The connected disconnect: is social media stealing our time?

Time is precious, it’s a non-renewable resource, and there’s nothing we can do to make it last longer or slow down. Trends in how people spend their time has changed exponentially in recent times. The question is, are we being wise with our time?

According to Roy Morgan, the average Australian aged over 14 now spends almost six hours (340 minutes) on social media every week. Commuting times are also up with the University of Canberra reporting that Australians spent 4.4 hours a week, or 53 minutes a day for a five-day working week, travelling to and from work. An increase from 3.9 hours in 2002.

Recent research from the University of Warwick is the first study of its kind to show the impact of digital mobile devices on different aspects of family time. The study found that children are spending more time at home with their parents but not in shared activities such as watching television and meals. The increase is in what is called “alone-together” time, when children are at home with their parents but say they are alone.  

Dr Stella Chatzitheochari of the Department of Sociology, University of Warwick said of the research “Our study is the first to measure the rapid spread of mobile devices across family life, revealing that children and parents will spend time on devices such as smartphones and tablets even while watching TV or eating together. The research shows that device use is now embedded into family life. While we did not find any significant changes in the time family members spend interacting and doing things together, it is certainly possible that mobile devices distract people’s attention during family activities, leading to feelings that the quality of family relationships is under threat”.

A 2018 survey revealed that many New Zealanders are unhappy with their partners’ smartphone usage. According to findings from a nationwide survey undertaken by New Zealand telecommunications provider 2degrees, almost 40 per cent of New Zealanders surveyed are concerned their partners are spending too much time on their smartphones.
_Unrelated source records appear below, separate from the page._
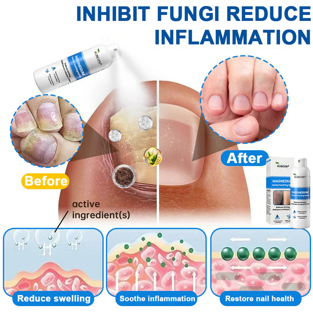 KUBOZN®Magnesium Repair Spray penetrates deep into the skin, gently cleansing from the inside out and quickly relieving itchiness and inflammation caused by psoriasis. This steroid-free, non-irritating formula is safe for sensitive and compromised skin. KUBOZN® helps regulate excessive skin cell proliferation, soothes redness, flaking, and stinging, and supports the restoration of the skin's natural barrier—bringing your skin back to balance and health.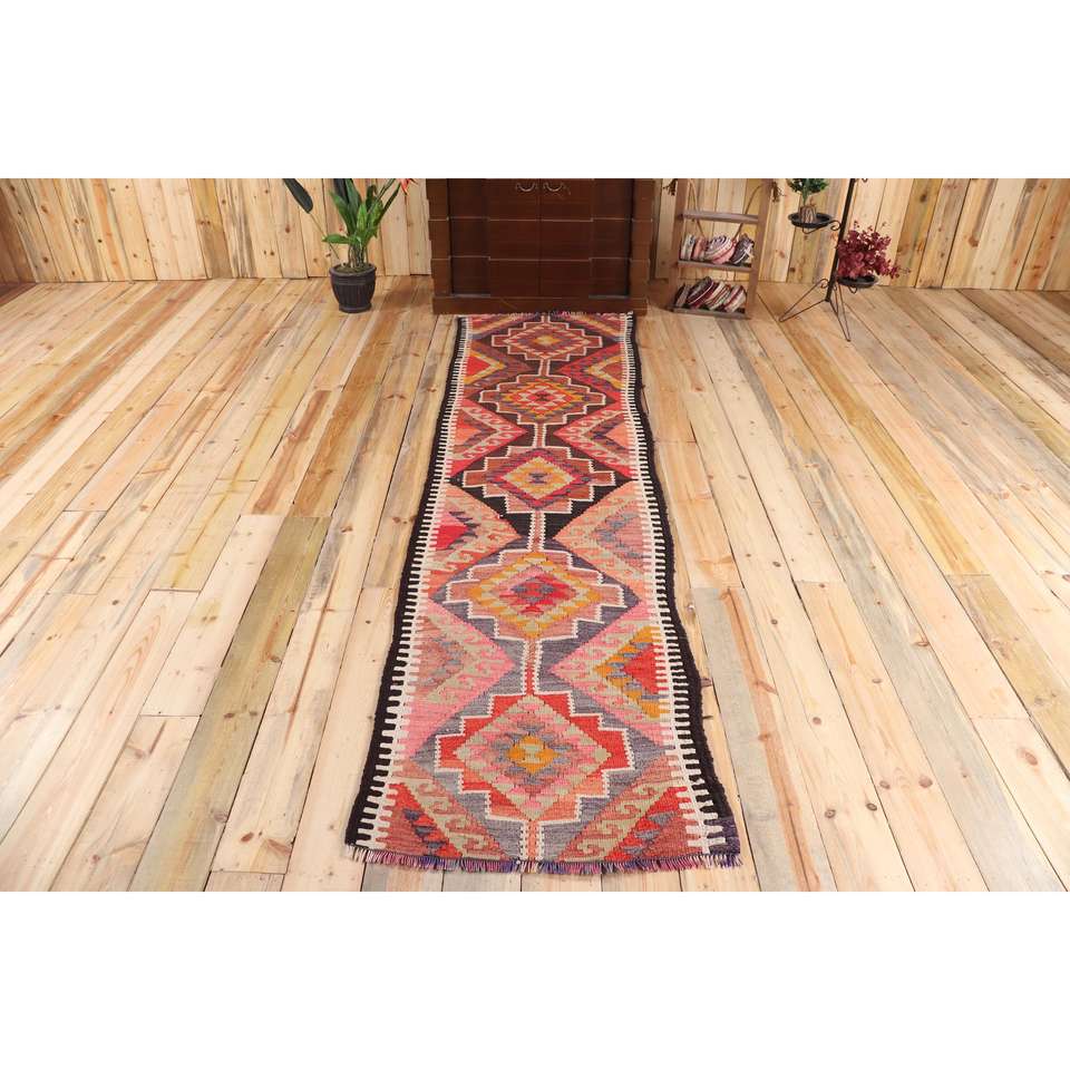 2.4x9.1 ft Rug, Turkish Vintage Runner Rug, Red Kilim Wool Rug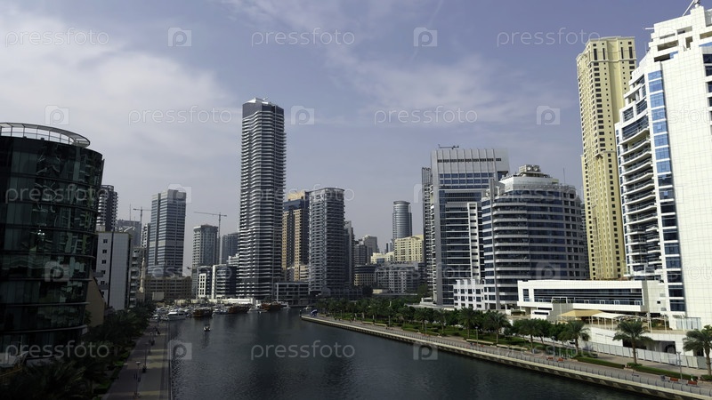 Панорамный вид на высокие здания со стеклянным фасадом. Действие. Бизнес с недвижимостью в Объединенных Арабских Эмиратах и водный канал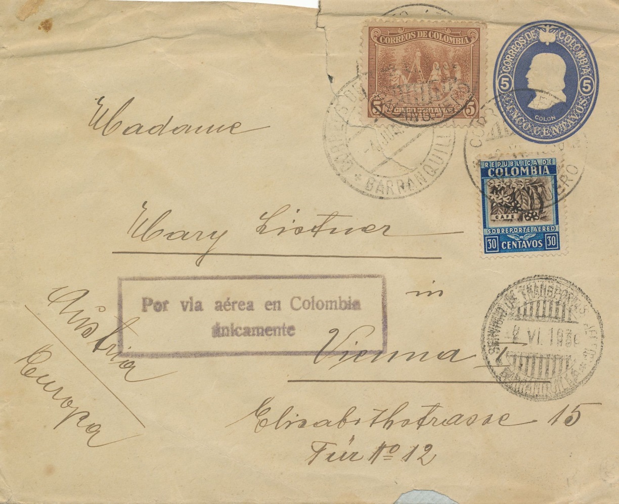 Sobre enviado a Viena (Austria) el 8 de junio de 1.936, a través de las líneas aéreas, desde Tolima, franqueo complementario de 35 centavos en el frontal.-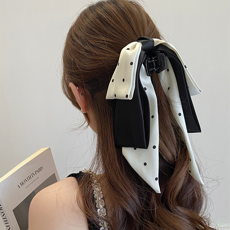 高级感新中式古风飘带蝴蝶结马尾抓夹优雅后脑勺半扎发抓夹鲨鱼夹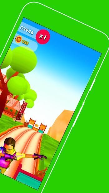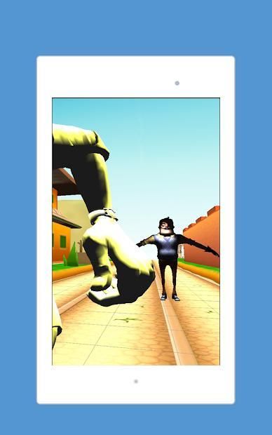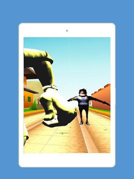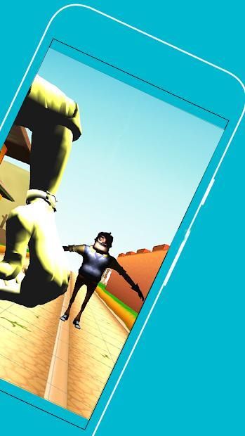 he will try to catch you . during escape to save your life, you will be facing more exhilarating obstacle . you can be running ,surfing ,sliding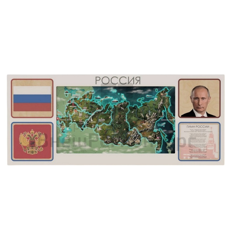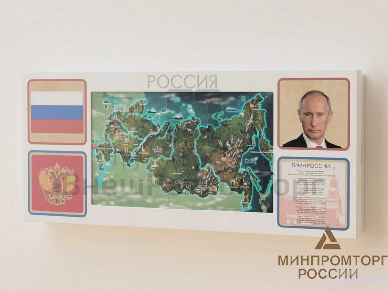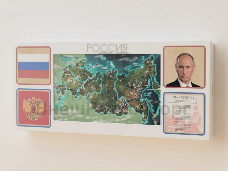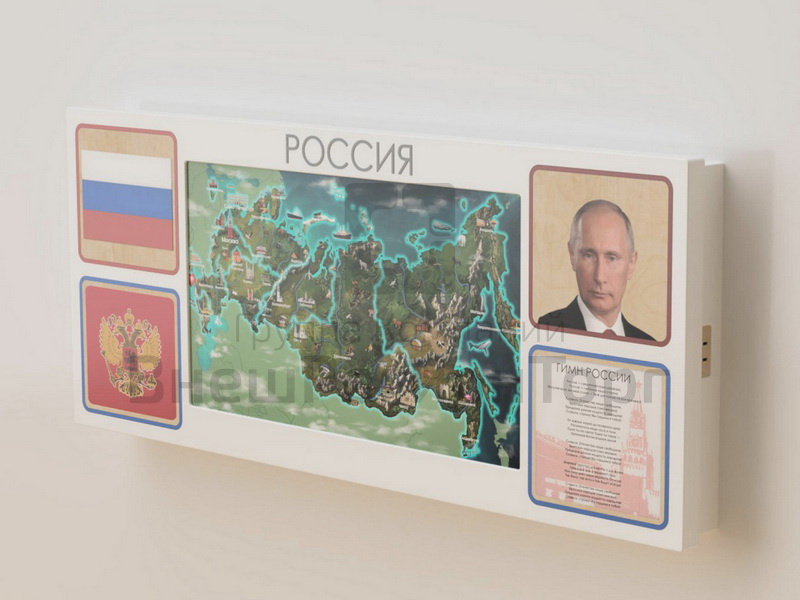 Настенная интерактивная панель с сенсорным монитором, декорированная основной символикой РФ: герб, флаг, гимн, портрет президента. Разработана для реализации программы патриотического воспитания в школе, детском саду или других образовательных учреждениях. Подходит для оформления входной зоны и классов. Соответствует требованиям ФГОС 3.

So how do we maintain real connections with our loved ones in our always-on, always-connected culture? Taking time to switch off and focus on the present moment with our loved ones is important explains relationship expert Dr Anna Martin. “While technology has an incredible array of benefits, real-life interactions remain key to maintaining a healthy relationship.”

For those who think their smartphones are negatively impacting on their relationships, Martin advocates setting dedicated device-free time or spaces. Implementing a ‘no smartphones in bed’ rule is one of Martin’s favourite rules. “You’re really going to think twice about sending that text or answering that call if you know you have to get up and leave the room to do it,” says Martin.